Available data -

══════════

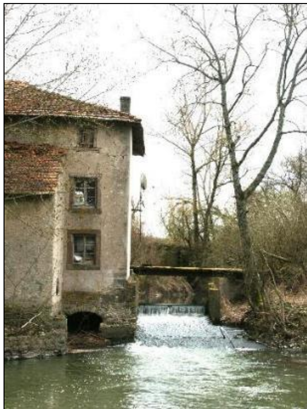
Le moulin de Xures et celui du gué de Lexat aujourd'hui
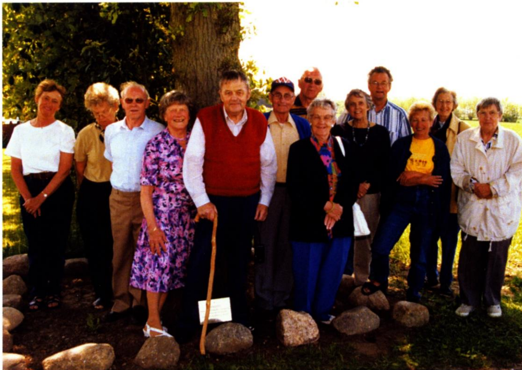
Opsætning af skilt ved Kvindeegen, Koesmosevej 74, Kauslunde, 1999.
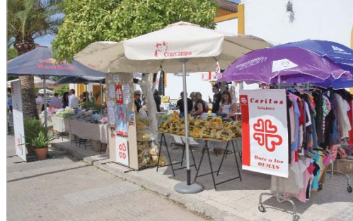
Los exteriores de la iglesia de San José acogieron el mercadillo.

══════════

Leave out every picture, and copy exactly the lines from the line that contains "Opsætning af skilt" through the end of the material.

Opsætning af skilt ved Kvindeegen, Koesmosevej 74, Kauslunde, 1999.
Los exteriores de la iglesia de San José acogieron el mercadillo.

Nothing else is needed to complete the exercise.